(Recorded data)
▼▼▼
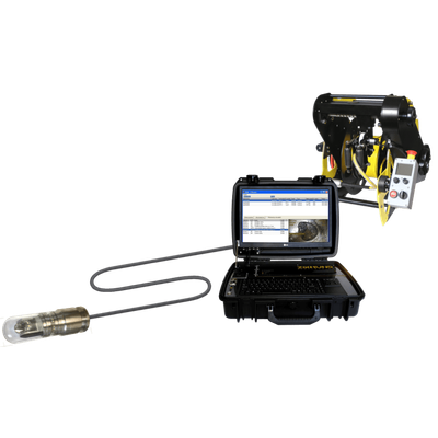 A camera for inspecting vertical boreholes and wells with diameters from DN100, up to a depth of 500 m and a water level of 100 m.
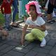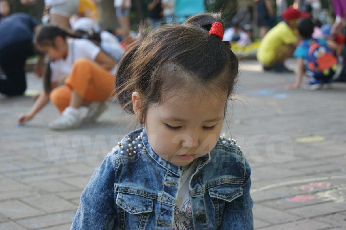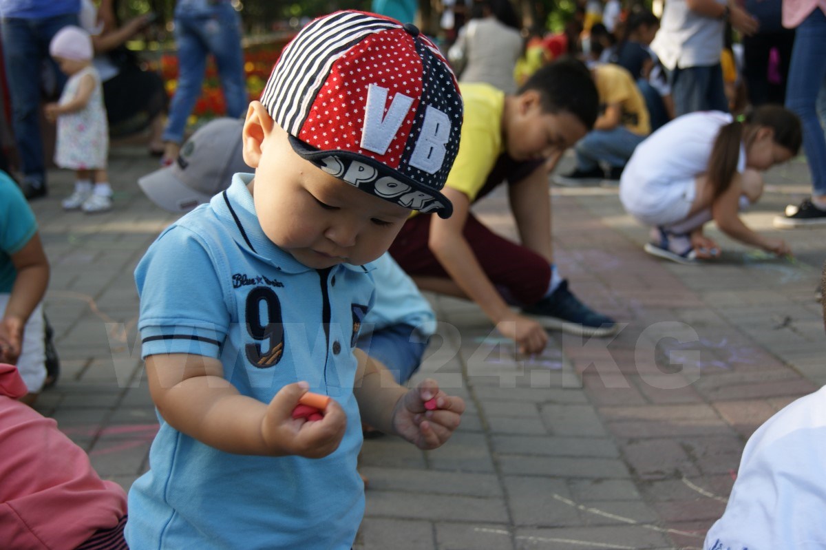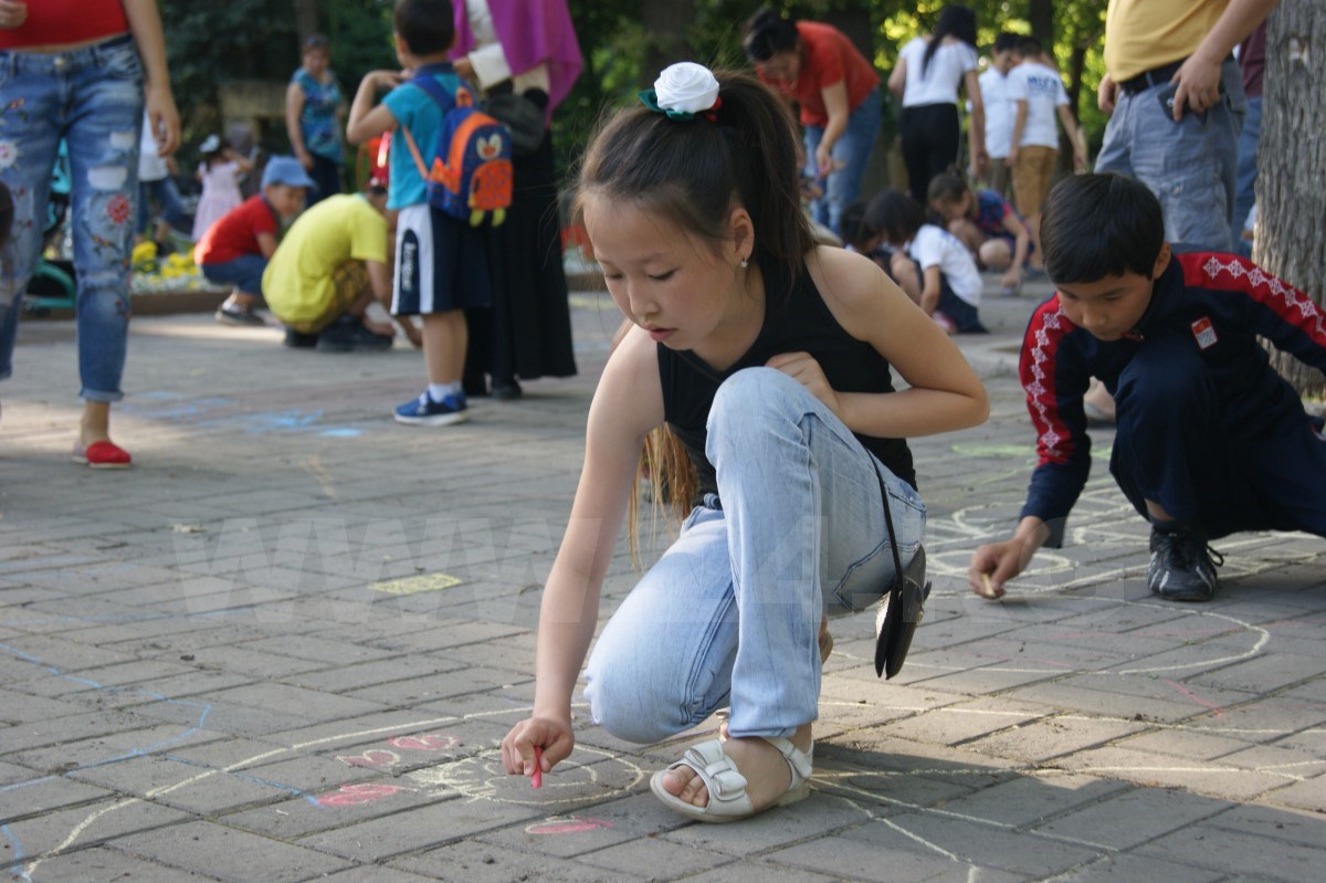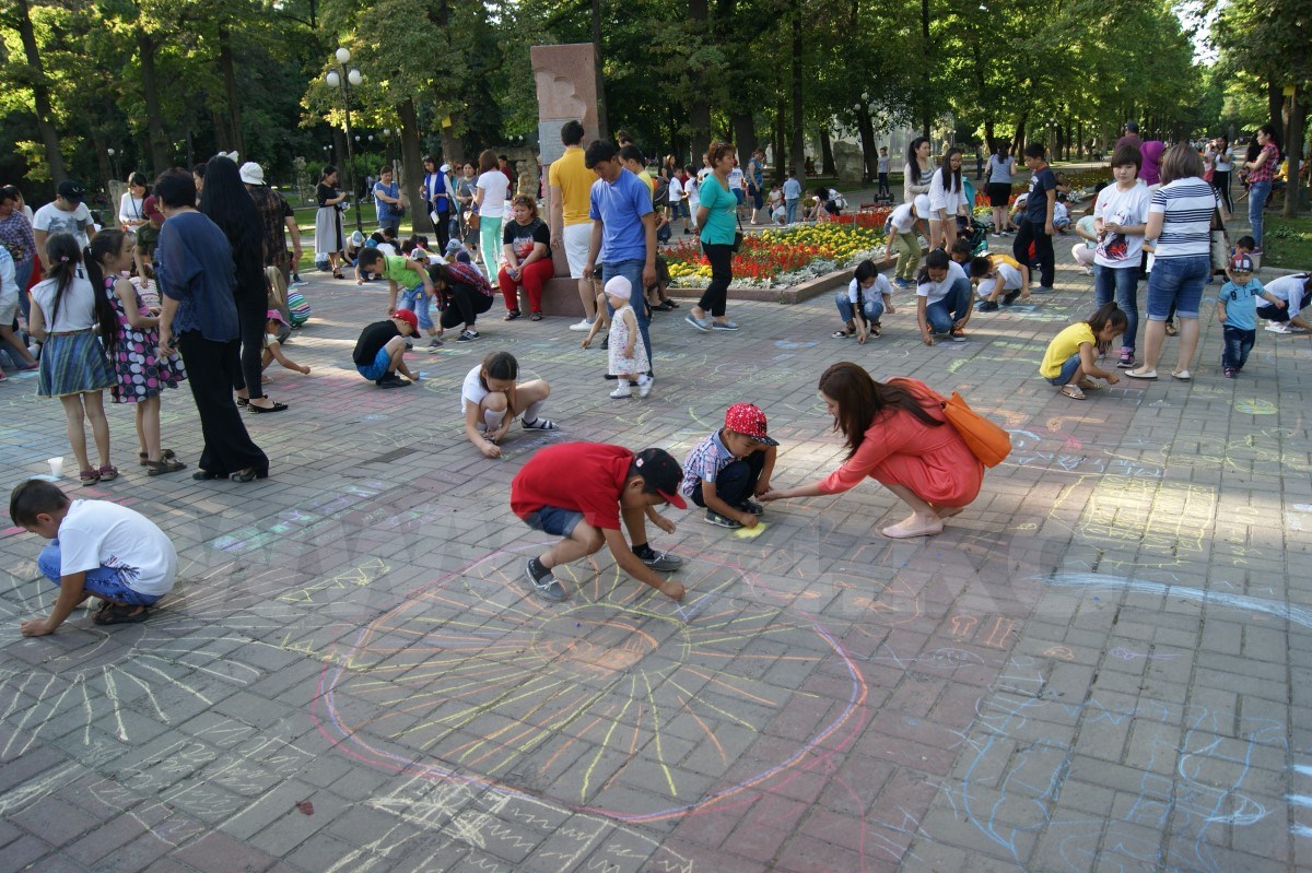 После танцев организаторы раздали всем детям разноцветные мелки и предложили нарисовать их видение сегодняшнего образования в Кыргызстане. Справиться с нелегким заданием маленьким кыргызстанцам помогали родители, которые с неменьшим задором поддерживали ребятишек и в танцах.
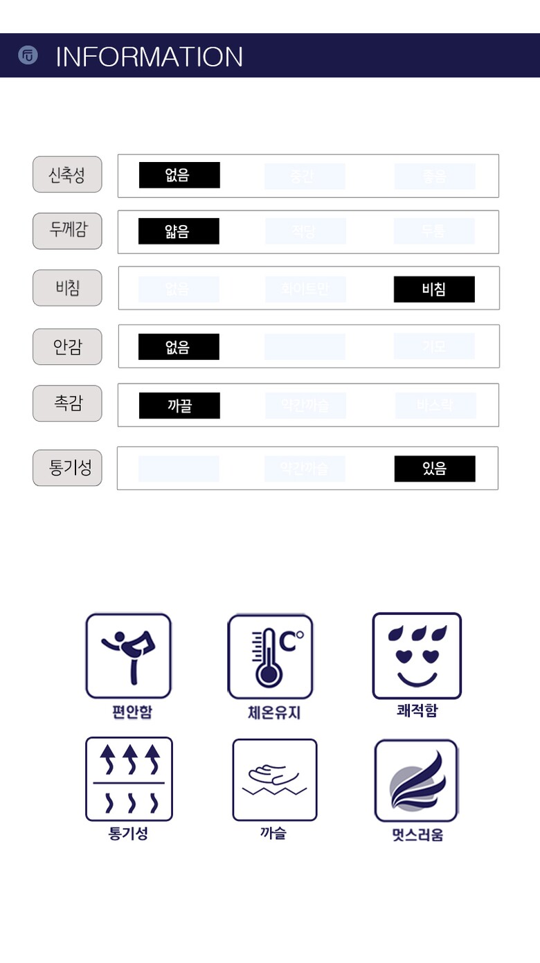 1. 제품 소재 (섬유의 조성 또는 혼용률을 백분율로 표시, 기능성인 경우 성적서 또는 허가서) 상세설명참고
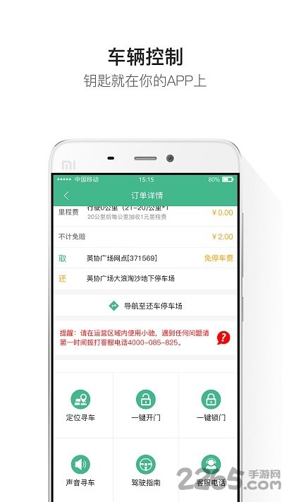 通过手机在线支付、自助取车还车,无需人工钥匙交接,
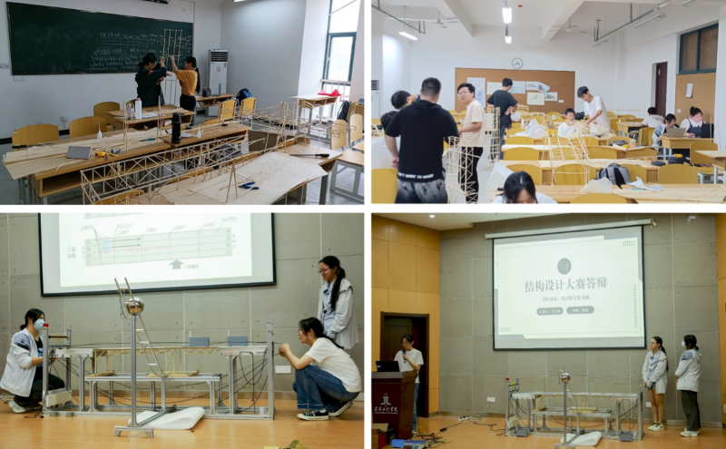 据悉,本次结构设计竞赛自4月11日开始报名,共吸引了29支团队报名参赛,每队三名队员。参赛成员分别来自土木工程、工程管理和建筑学等专业各年级的学生。学院对本次设计竞赛高度重视,从材料购置、制作场地、教师指导等方面全力支持学生们参与竞赛。5月23日邀请合肥工业大学王辉教授为学院师生进行结构设计竞赛的指导。本次结构设计竞赛分5月27日的初赛和6月3日的决赛两场进行模型加载测试,结合两场加载测试确定最终加载表现分(满分80分),评委根据模型理论方案、模型制作质量、现场陈述与答辩表现等评定设计和制作表现分(满分20分)。通过结构设计竞赛,提高了学生们的创新意识、实践能力和团队协作能力,学院将进一步加大学科竞赛支持力度,以赛促学,培养高素质应用型人才。
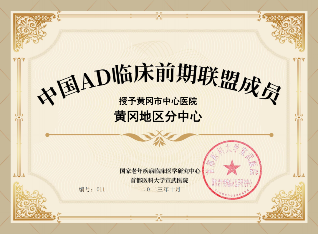 黄冈市中心医院被授予全国第一批中国AD(阿尔茨海默病)临床前期联盟地区分中心。
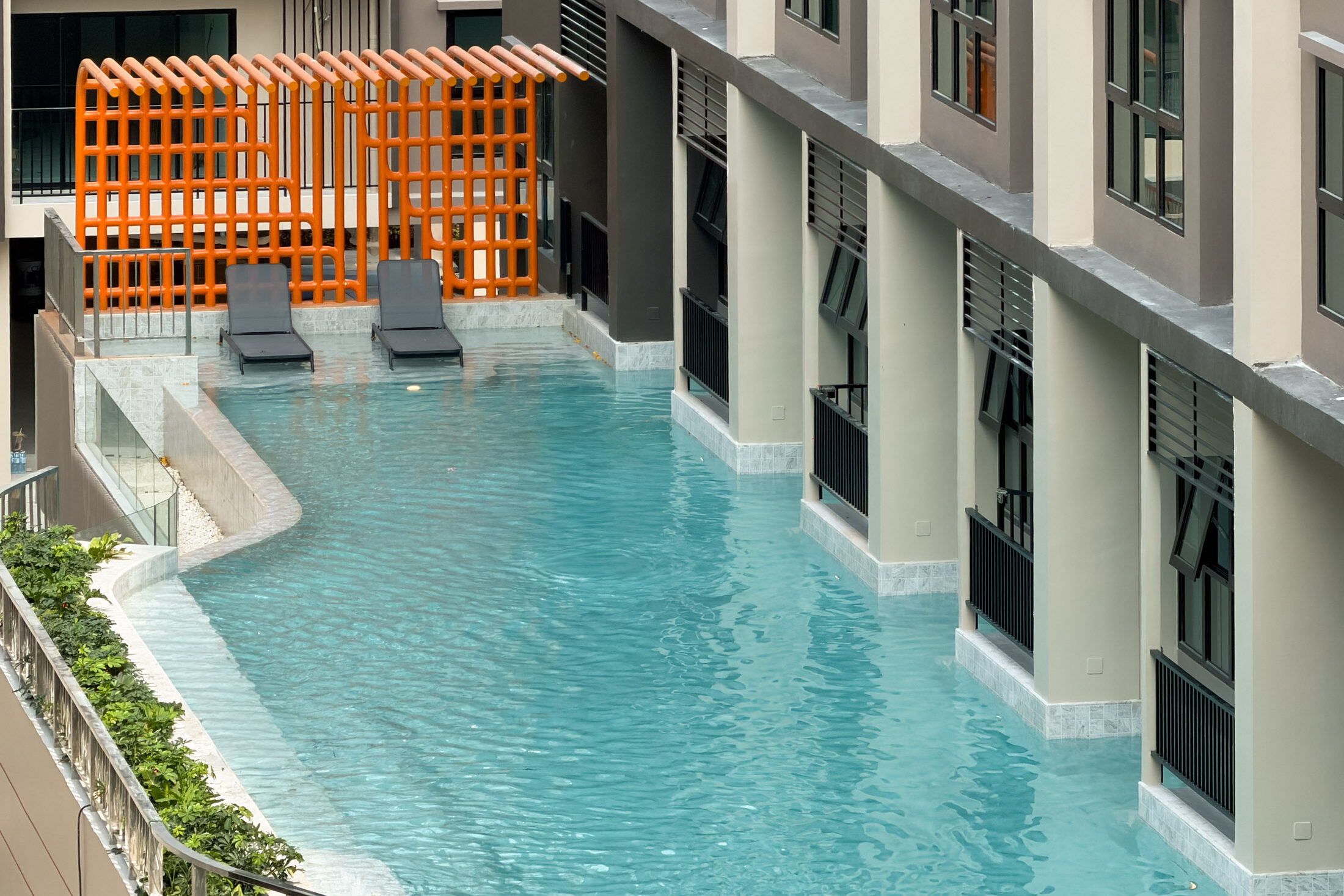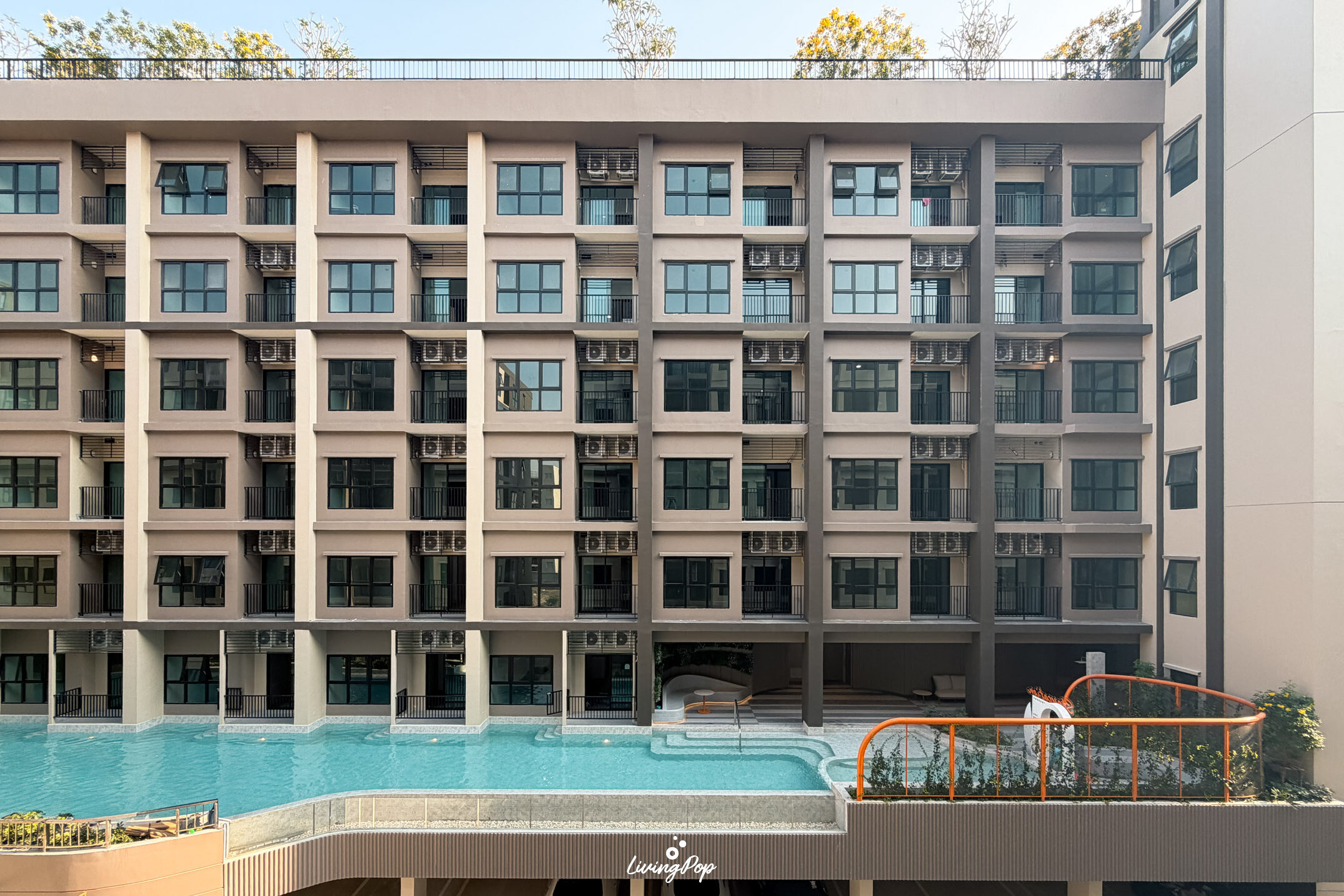 ตึก A จะเป็นตึกที่ต่างกับตึก B และ C พอสมควรครับ อย่างที่เล่าไปว่าตึกนี้จะเป็น Single Corridor มีห้องพักแค่ฝั่งเดียว ชั้นนึงเลยมีแค่ 10 ห้องเท่านั้น เป็น 1 Bedroom 34.5-39 ตารางเมตรล้วนๆ ยิ่งชั้นสระว่ายน้ำที่เป็น Pool Access จะมีห้องพักแค่ 7 ห้องเท่านั้น ซึ่งความแตกต่างอีกอย่างคือตึกนี้จะมีเพียงแค่ 7 ชั้นครับ ทำให้ความสูงของเพดานห้องในตึก A จะแตกต่างจากตึกอื่นด้วย โดยห้อง Pool Access จะได้เพดานสูง 2.7 เมตร และชั้นอื่นๆ ของตึก A สูง 2.6 เมตร ส่วนห้องพักตึก B และ C เพดานจะสูง 2.5 เมตรครับ
▲▲▲
PROBLEM STATEMENT
Give all the lines above again, character for character, without pictures.

OUTPUT OF THE EXERCISE
 A camera for inspecting vertical boreholes and wells with diameters from DN100, up to a depth of 500 m and a water level of 100 m.
 После танцев организаторы раздали всем детям разноцветные мелки и предложили нарисовать их видение сегодняшнего образования в Кыргызстане. Справиться с нелегким заданием маленьким кыргызстанцам помогали родители, которые с неменьшим задором поддерживали ребятишек и в танцах.
 1. 제품 소재 (섬유의 조성 또는 혼용률을 백분율로 표시, 기능성인 경우 성적서 또는 허가서) 상세설명참고
 通过手机在线支付、自助取车还车,无需人工钥匙交接,
 据悉,本次结构设计竞赛自4月11日开始报名,共吸引了29支团队报名参赛,每队三名队员。参赛成员分别来自土木工程、工程管理和建筑学等专业各年级的学生。学院对本次设计竞赛高度重视,从材料购置、制作场地、教师指导等方面全力支持学生们参与竞赛。5月23日邀请合肥工业大学王辉教授为学院师生进行结构设计竞赛的指导。本次结构设计竞赛分5月27日的初赛和6月3日的决赛两场进行模型加载测试,结合两场加载测试确定最终加载表现分(满分80分),评委根据模型理论方案、模型制作质量、现场陈述与答辩表现等评定设计和制作表现分(满分20分)。通过结构设计竞赛,提高了学生们的创新意识、实践能力和团队协作能力,学院将进一步加大学科竞赛支持力度,以赛促学,培养高素质应用型人才。
 黄冈市中心医院被授予全国第一批中国AD(阿尔茨海默病)临床前期联盟地区分中心。
 ตึก A จะเป็นตึกที่ต่างกับตึก B และ C พอสมควรครับ อย่างที่เล่าไปว่าตึกนี้จะเป็น Single Corridor มีห้องพักแค่ฝั่งเดียว ชั้นนึงเลยมีแค่ 10 ห้องเท่านั้น เป็น 1 Bedroom 34.5-39 ตารางเมตรล้วนๆ ยิ่งชั้นสระว่ายน้ำที่เป็น Pool Access จะมีห้องพักแค่ 7 ห้องเท่านั้น ซึ่งความแตกต่างอีกอย่างคือตึกนี้จะมีเพียงแค่ 7 ชั้นครับ ทำให้ความสูงของเพดานห้องในตึก A จะแตกต่างจากตึกอื่นด้วย โดยห้อง Pool Access จะได้เพดานสูง 2.7 เมตร และชั้นอื่นๆ ของตึก A สูง 2.6 เมตร ส่วนห้องพักตึก B และ C เพดานจะสูง 2.5 เมตรครับ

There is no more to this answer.